* _EXERCISE DESCRIPTION_
Transcribe the lines below exactly, beginning with the line that holds "Решите проблему с" and ending with the final line, both included. Pictures are to be left out.

*** PROVIDED MATERIAL Section Begins ***

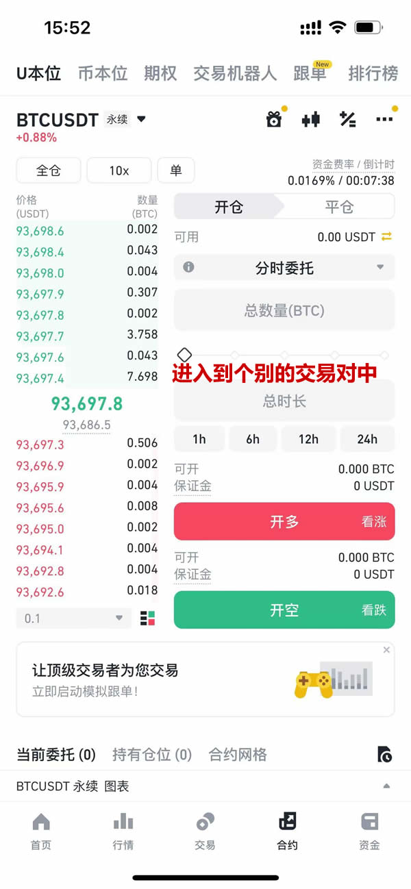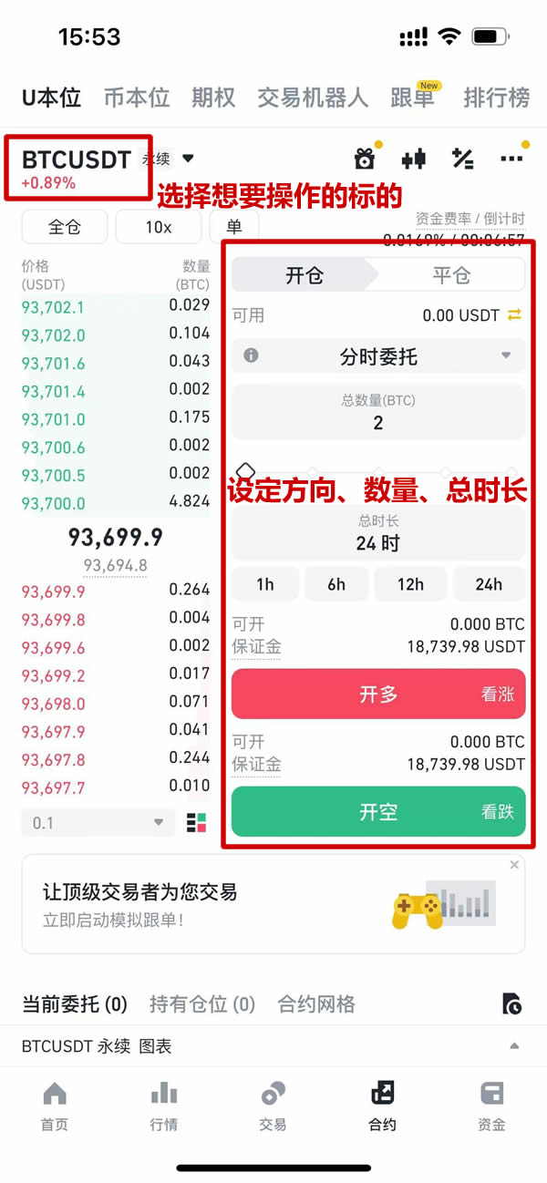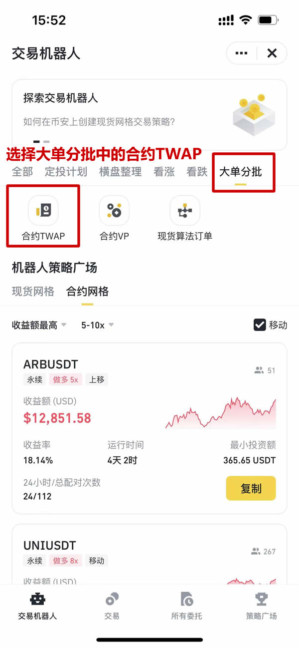 在「大单分批」菜单下激活「合约TWAP」模块。
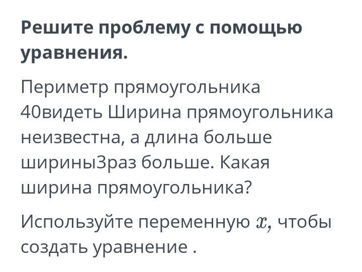 Решите проблему с помощью уравнения. Периметр прямоугольника 40 см. Ширина прямоугольника неизвестна, а его длина в 3 раза больше ширины. Какая ширина прямоугольника? Используйте переменную x, чтобы создать уравнение. ( + ) ⋅ знак равно ⋅ знак равно знак равно : знак равно знак равно : знак равно Ответ: ? ширина видеть
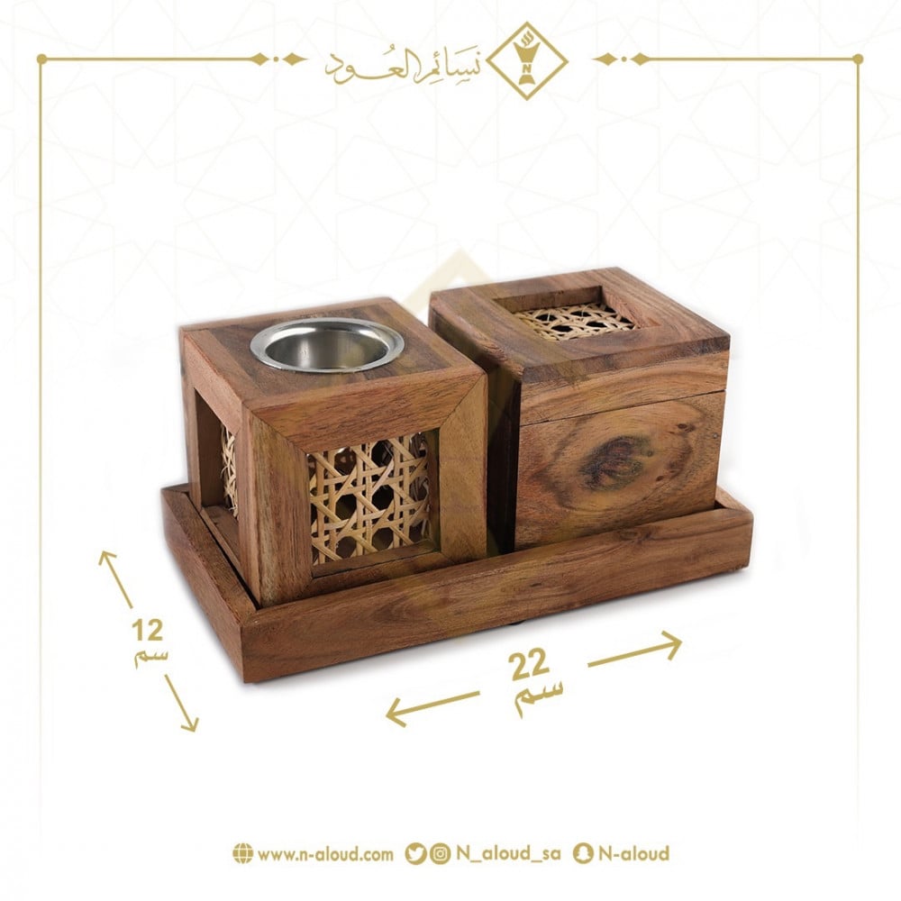 طقم خشب مع خوص مكون من مبخرة مع صينية تقديم وصندوق لحفظ البخور.

*** PROVIDED MATERIAL Section Ends ***

* _SOLUTION TO THE EXERCISE_
 Решите проблему с помощью уравнения. Периметр прямоугольника 40 см. Ширина прямоугольника неизвестна, а его длина в 3 раза больше ширины. Какая ширина прямоугольника? Используйте переменную x, чтобы создать уравнение. ( + ) ⋅ знак равно ⋅ знак равно знак равно : знак равно знак равно : знак равно Ответ: ? ширина видеть
 طقم خشب مع خوص مكون من مبخرة مع صينية تقديم وصندوق لحفظ البخور.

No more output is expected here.